In addition, the Property Section is currently experiencing unprecedented staffing issues although these are being addressed.


I can confirm that the action being taken includes:


-         Proposals to set up a framework agreement for consultancy services that will enable call-off at peak periods or when resource issues are encountered;

-         Reviewing the staffing structure to ensure it is best placed to meet future challenges (departing staff may not be replaced on a like for like basis) still ensuring it was efficient;

-         Recently recruiting a Project Manager whose duties include co-ordinating the workload of staff engaged in design and administration of schemes; and

-         Recently engaging a permanent Quantity Surveyor to replace a member of staff who gained employment elsewhere.


The Leader concluded by indicating that there were various obvious reasons for the difficulties which were being addressed. 

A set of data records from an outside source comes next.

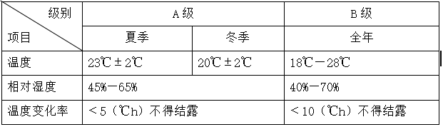 表二:停機時電子數據中心機房的溫、濕度要求
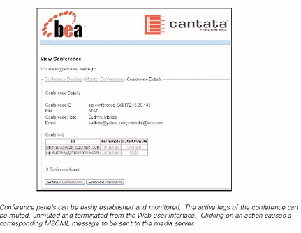 該應(yīng)用是利用BEA WebLogic workshop編寫的,運(yùn)行于 BEA WebLogic SIP 服務(wù)器上。用戶通過BEA WebLogic門戶提供的圖形界面建立會議。BEA WebLogic SIP 服務(wù)器利用SIP協(xié)議與Cantata SnowShore IP Media Server(Cantata SnowShore IP 媒體服務(wù)器)進(jìn)行通信,同時它還使用了MSCML控制媒體處理功能。通過使用XMLBeans, 該應(yīng)用產(chǎn)生并編譯了MSCML。XMLBeans是一個由BEA公司開發(fā)的開源XML綁定工具。 BEA WebLogic Workshop工具使得開發(fā)人員可以很容易地創(chuàng)建這些通過使用SnowShore 媒體服務(wù)器開創(chuàng)的面向Web的SIP和XML接口的融合應(yīng)用。
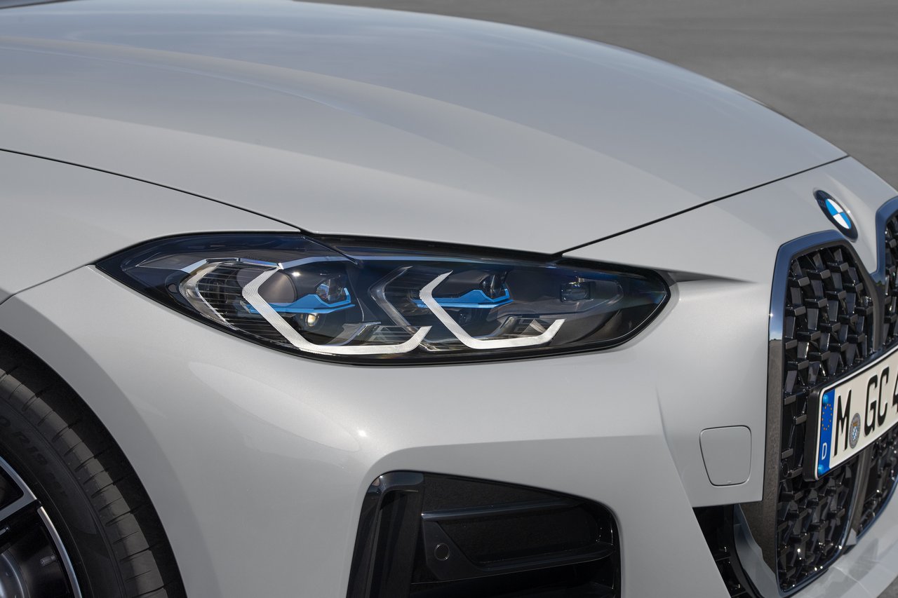 Junto a la gran parrilla hay unos grupos ópticos más delgados y con un aspecto más moderno. Estos cuentan de serie con tecnología de ledes para todas sus funciones, aunque opcionalmente también es posible equipar otros con tecnología láser. Lo que no varía prácticamente son las clásicas y deportivas proporciones exteriores, con un capó largo, unos cortos voladizos y una atlética silueta de coupé. Uno de los detalles específicos del Gran Coupé con respecto al Coupé o el Cabrio son los tiradores de las puertas, que en este quedan enrasados.
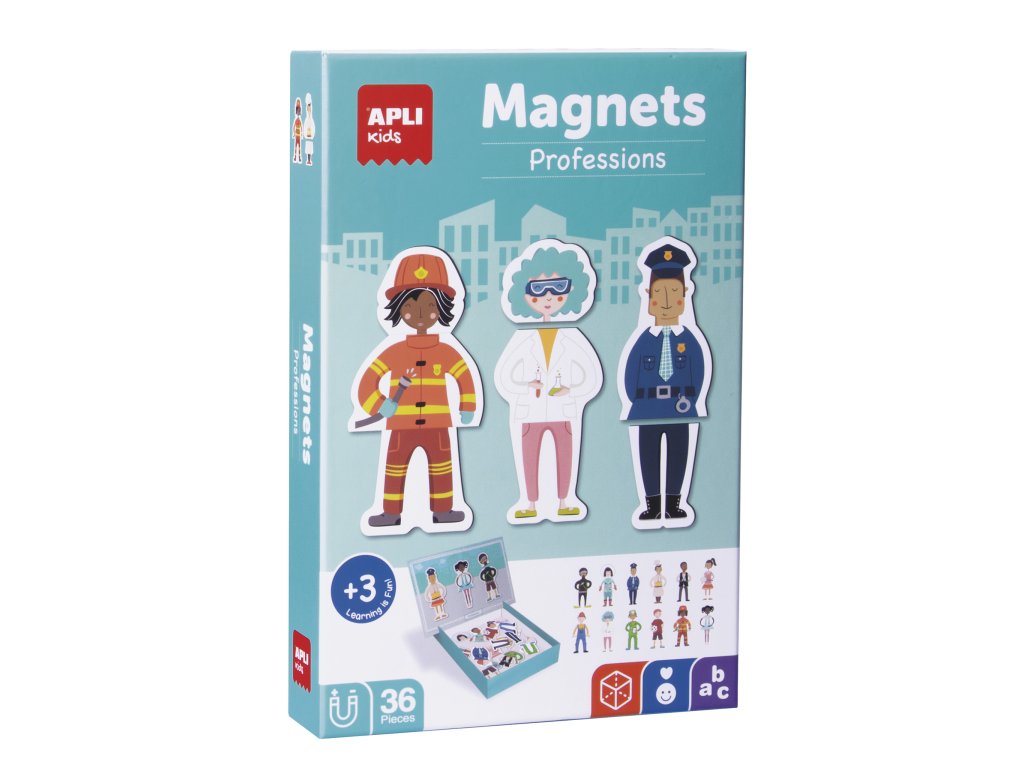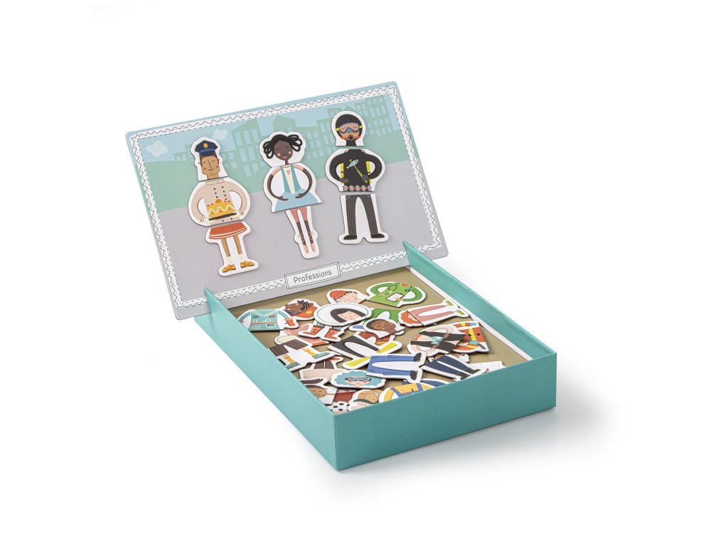 Objevujte svět různých lidských profesí a řemesel a skládejte pomocí magnetických dílků oblečení kuchaře, sestřičky nebo hasiče. Poznávejte s dětmi jednotlivé profese a učte je rozlišit, co každá profese ke své práci potřebuje.
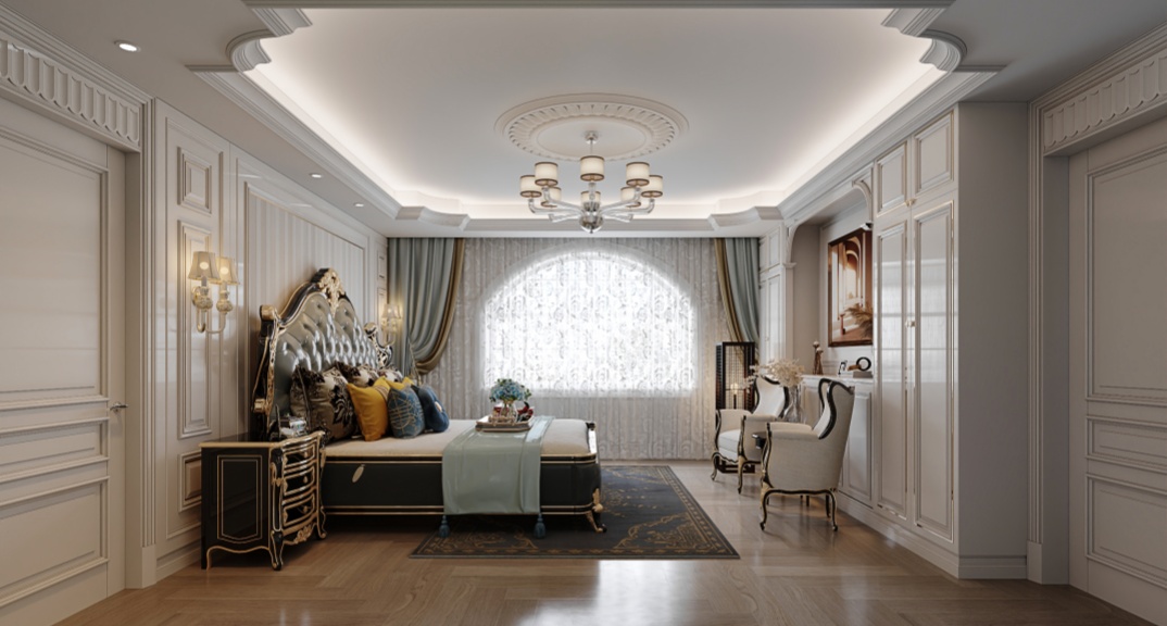 三層為主人私享空間。主臥寬敞明亮,配備獨立衣帽間和衛(wèi)浴,營造奢華舒適的休憩環(huán)境??团P可作為備用房間,滿足多樣化需求。
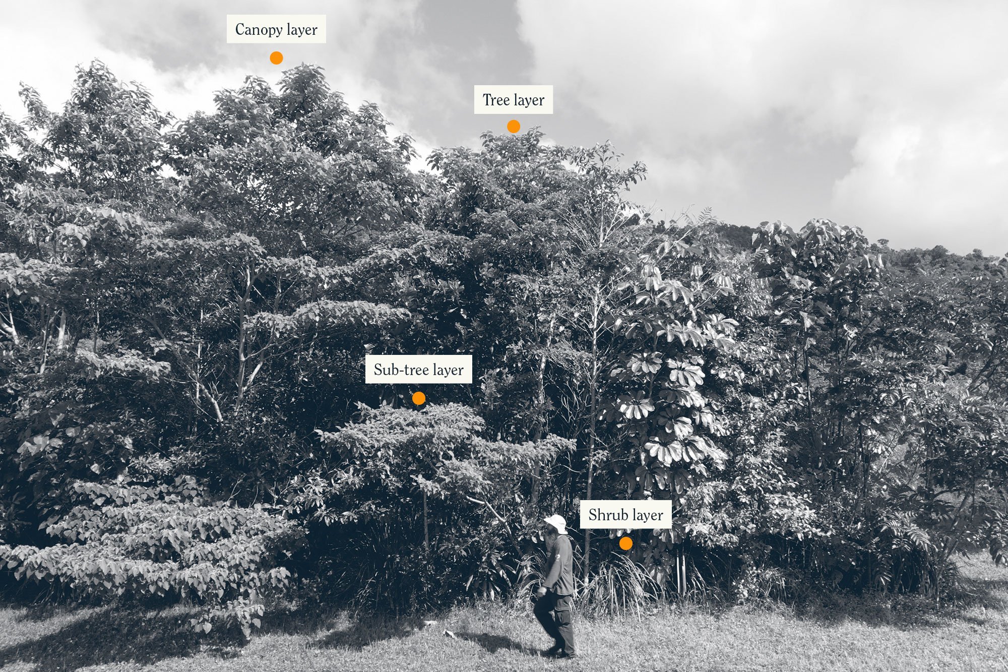 After a thorough survey of the site, extensive research is carried out with the local community to identify potential natural vegetation. Just like all forests are complex networks of living organisms, Miyawaki forests are built on four layers of vegetation: canopy trees, trees, sub-trees and shrubs. This layering effect bolsters a resilient green wall featuring up to 40 different species to create balance.
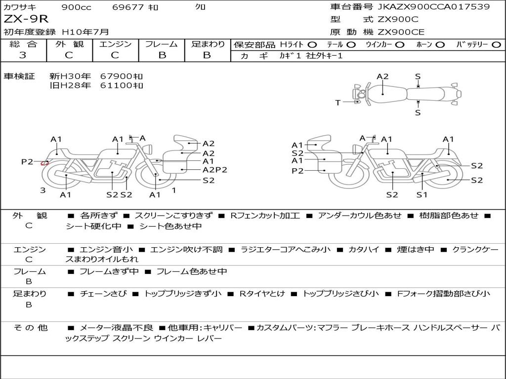 | Номер рамы / VIN | JKAZX900CCA017539 |
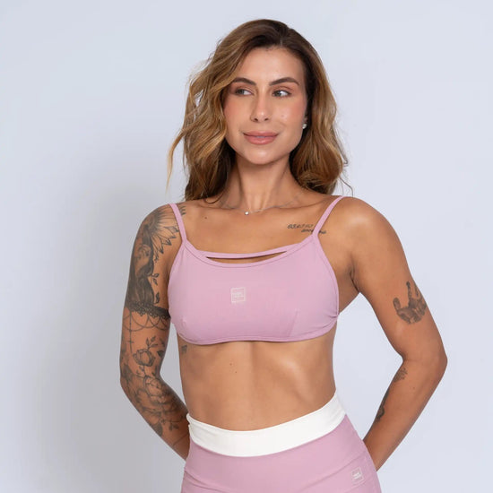 O decote valorizado pelo viés desenha suavemente o busto, enquanto as costas abertas garantem amplitude de movimentos e um visual sofisticado. As alças com regulagem oferecem um ajuste personalizado, promovendo conforto e segurança durante a prática de exercícios.

Councillor Traherne, in his opinion, alluded to the “hollowing out” of services in some parts of the Council and that posts were being left vacant in order to save money, leaving teams without the necessary resilience to cope with sickness and leave.  He asked if the Leader would undertake a review to ensure that all parts of the Council were properly staffed and that teams had the necessary resilience to cope in an efficient and effective manner with their work.


The Leader, in referring to Councillor Traherne’s question, suggested that perhaps he had missed something in his earlier reply.  He reiterated that since he had taken on the role of Leader there had been an ongoing review of management and staffing levels.  Regarding the Property Section, there had recently been new appointments and that a staffing restructure was underway.  He also touched upon delays in Social Services which were now progressing and referred to the project at Hen Goleg which was due to commence in May. He also made reference to electrical re-wire work at Southway and Cartref Porthceri which was also underway; the installation of call and assistance systems at Southway, Cartref Porthceri, Ty Dyfan and Ty Dewi Sant were complete; a structural survey and report relating to subsidence at Cartref Porthceri had been completed and costings were currently being undertaken for the remedial works to proceed.  He gave an assurance that reviews were taking place and that services would be fit for purpose. 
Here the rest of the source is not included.